The schools up here let out last week, which means summer has officially arrived. It’s been *mumblemumble* years since I sat in a classroom on the last day of school in June, feeling giddy with anticipation about the last few minutes of class and the last bus ride home until September. My desk (or locker) would be cleaned out, and my friends and I would be practically levitating out of our chairs because we were so wound up and excited about the summer.

Those days have long passed, but I still get a thrill out of watching the calendar and counting the days left until the schools empty out for the summer. Granted, I watch for a completely different reason (we’re busy all day long instead of during the immediate few hours after school), but I can appreciate what the kids are feeling.
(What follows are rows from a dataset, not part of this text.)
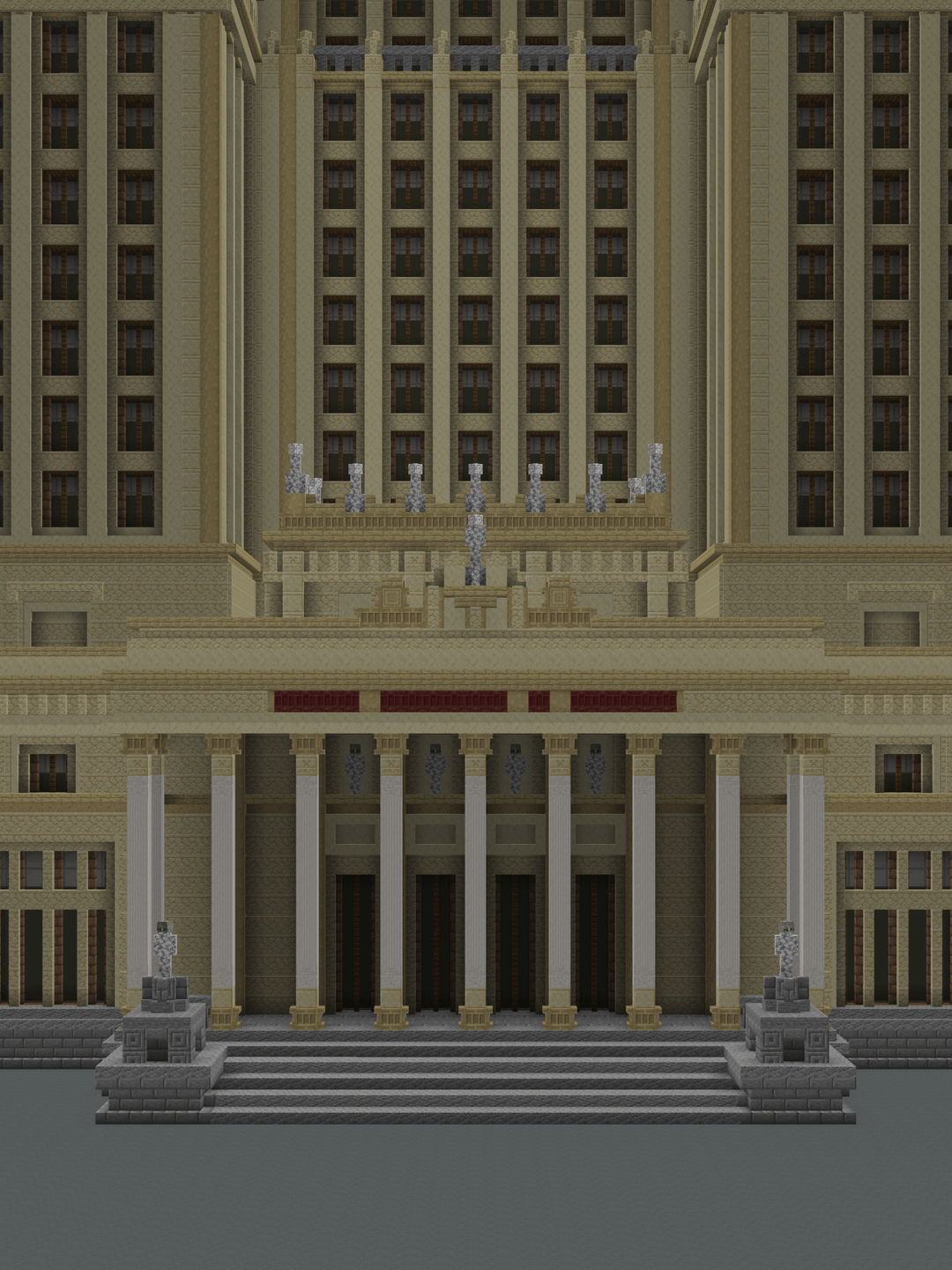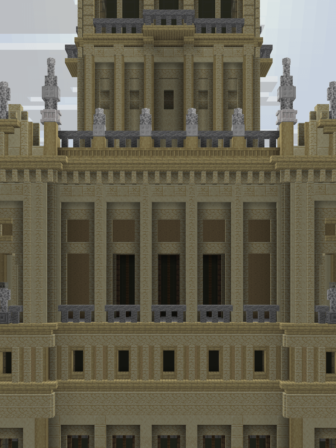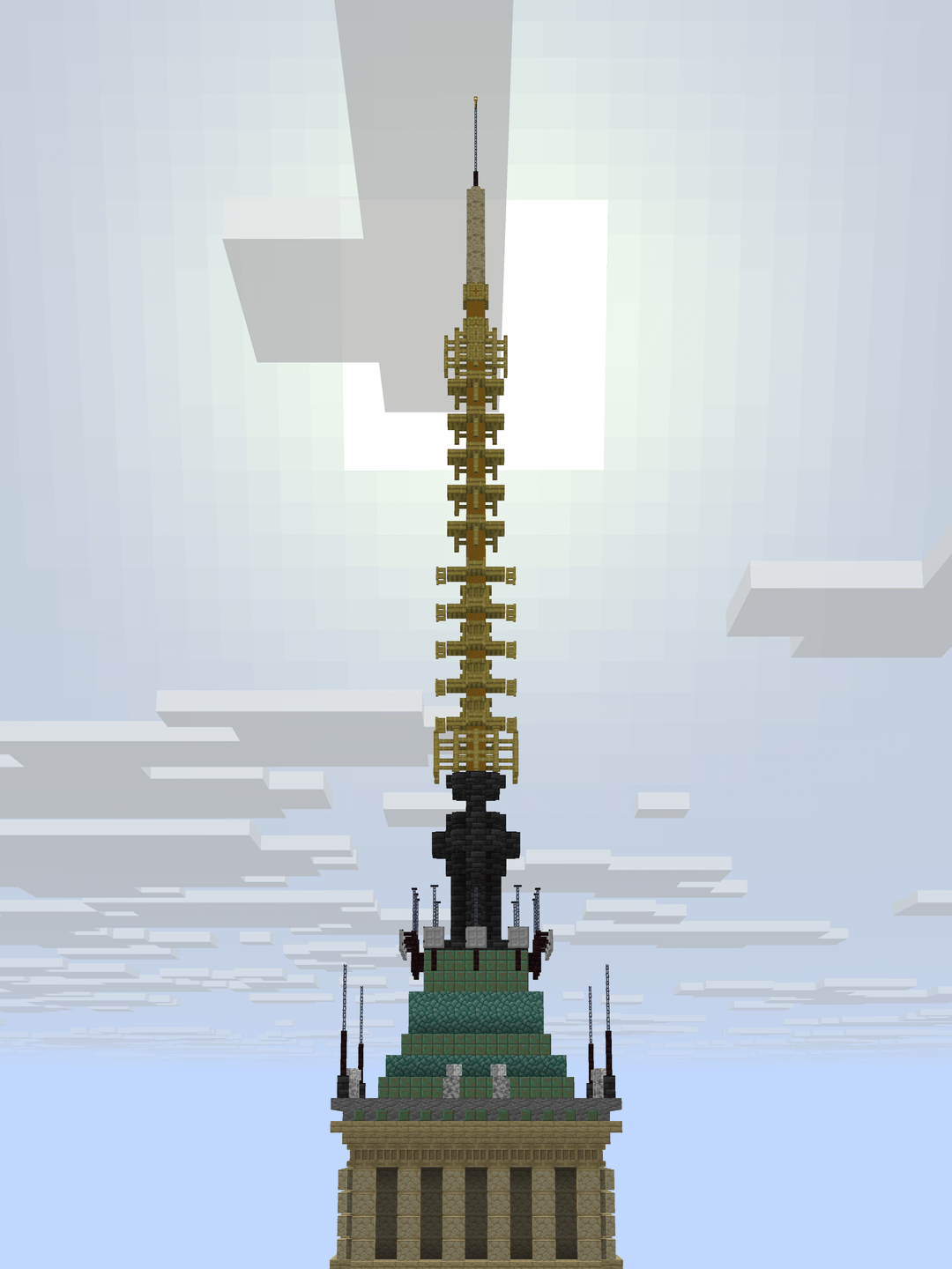 Sam się kiedyś przymierzałem (w czasach wersji 1.7.10), ale po dwóch piętrach zabrakło mi bloków, a potem czasu (chciałem akurat zrobić cały w trybie przetrwania, zakładam że budowałeś w trybie kreatywnym ^^).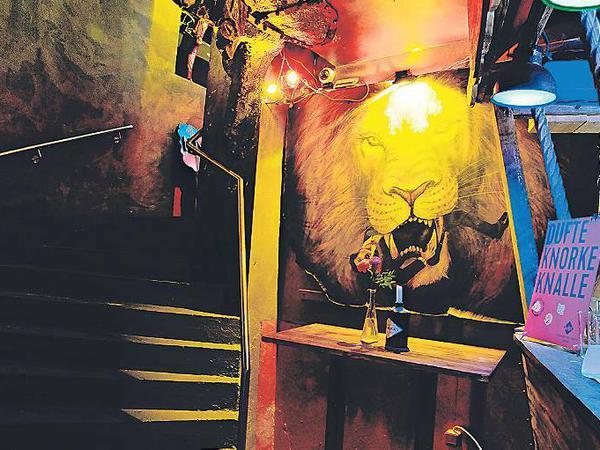 Drinnen sieht es ähnlich aus. Die Treppe führt in den Rachen einer riesigen Raubkatze, deren Innenleben nicht gerade dem Minimalismustrend entspricht. Die Wände sind mit edlen Rapportmustertapeten in Gold und Hellblau geschmückt. Dazu rubinfarbener Teppichboden, Sessel und Betten. Sitzgelegenheit bietet außerdem ein altes Boxauto, das zu den restlichen Jahrmarkts- und Zirkusreliquien passt. Teile von Karussells und Autoscootern zieren Bar, DJ-Pult und Bühne. Die hat Kulka, einer der fünf Gründer des Toast Hawaiis, von seinem Onkel bekommen.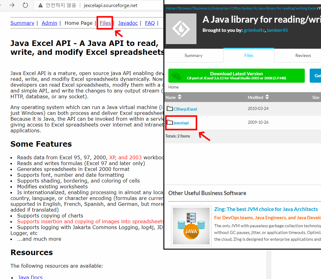JExcelApi (sourceforge.net) -> 여기서 다운 jxl. jar 다운 가능 excel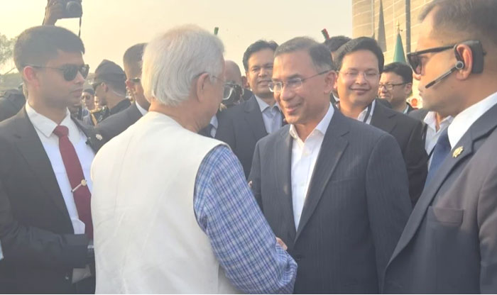 প্রধানমন্ত্রী হিসেবে শপথ গ্রহণের পর তারেক রহমান-এর সঙ্গে শুভেচ্ছা বিনিময় করেছেন বিদায়ী অন্তর্বর্তী সরকারের প্রধান উপদেষ্টা ড. মুহাম্মদ ইউনূস।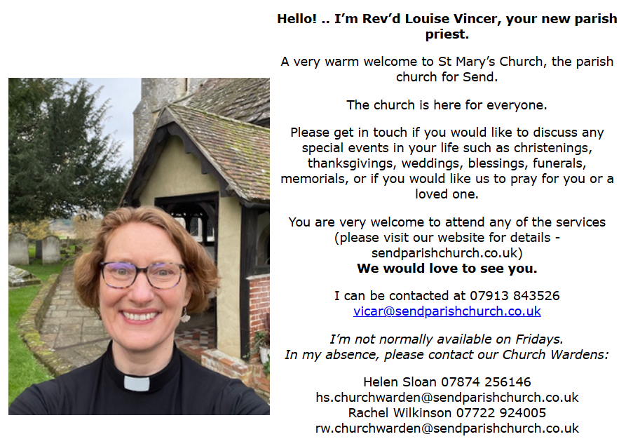 St Mary the Virgin is the parish church for the village of Send and has housed Christian Worship for 800 years. The first record of a church in Send appears in William the Conqueror's record "The Domesday Book"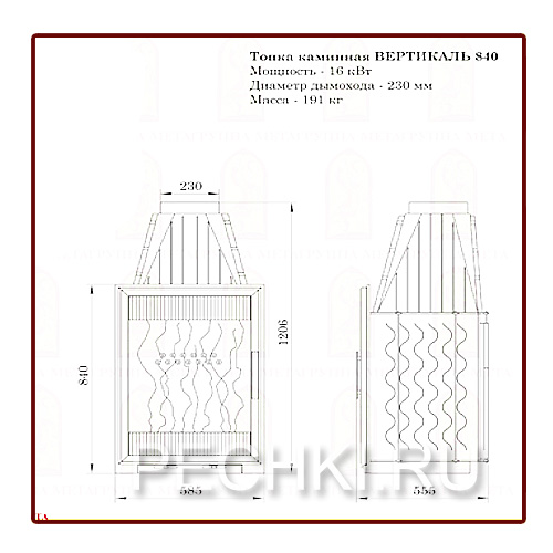 Каминная топка ВЕРТИКАЛЬ 840 Технические характеристики: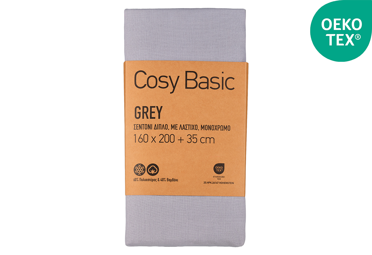 Σεντόνι Διπλό Ionion Cosy Basic Grey με Λάστιχο Μ200xΠ160xΥ35cm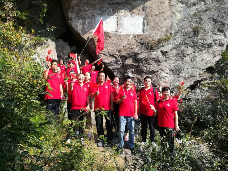 裘家岭村地处我市北部山区,离市区约20公里,曾是永康、东阳经诸暨通杭州的要道。在古朴的裘家岭村,稍作休整,我们就向一大会址——小石婆洞进发。小石婆洞离村约40多分钟的路程。上山的山路依旧保持着土路加岩石相结合的原始形态。山路小径盘曲而上,林中树木茂盛,绿树成荫,路两旁的树像一把把大伞罩在头顶。虽是太阳当头,也不觉得很热。在路上,我们遇到了年已79岁高龄、拥有近50年党龄的老协会长潘为明,他手拿柴刀,正在修剪道路两旁的柴、草,使前往小石婆洞的路宽些,让大家更好地通行。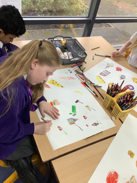 This week in Art, the children have enjoyed diving into a wonderfully playful project inspired by artists Claes Oldenburg, Lucia Hierro and Nicole Dyer. We began by looking closely at sculptures of food made at surprising scales, using our sketchbooks to make “visual notes” and quick drawings. The children explored how these artworks made them feel, while noticing important elements such as shape, colour, texture and composition.

This year was my mom’s last year of teaching, as she retired at the end of this past school year. She taught grade 1 at a school she’d been at for almost 25 years, and had seen lots of changes there (some for the better, some for the worse). In all, she’s been teaching for over 36 years, so she deserves a break!

On the weekend, my parents and youngest sister came down, and we hung out for a few days. The most ambitious things we did were buying a barbecue and making strawberry jam [1]. Sadly, they left yesterday morning, so I’m all alone again. Sniff.

As for what my plans for the rest of the summer are, I don’t have many beyond reading, knitting and sleeping. I don’t have any vacations or get-aways planned, but I make take a few days off here and there.

[1] Here’s where, if I’d been truly ambitious, I’d have inserted a picture of the jars of jam. However, I’m too tired to go downstairs and do that now, so you’ll have to imagine it. There are six jars, in case you need somewhere to start.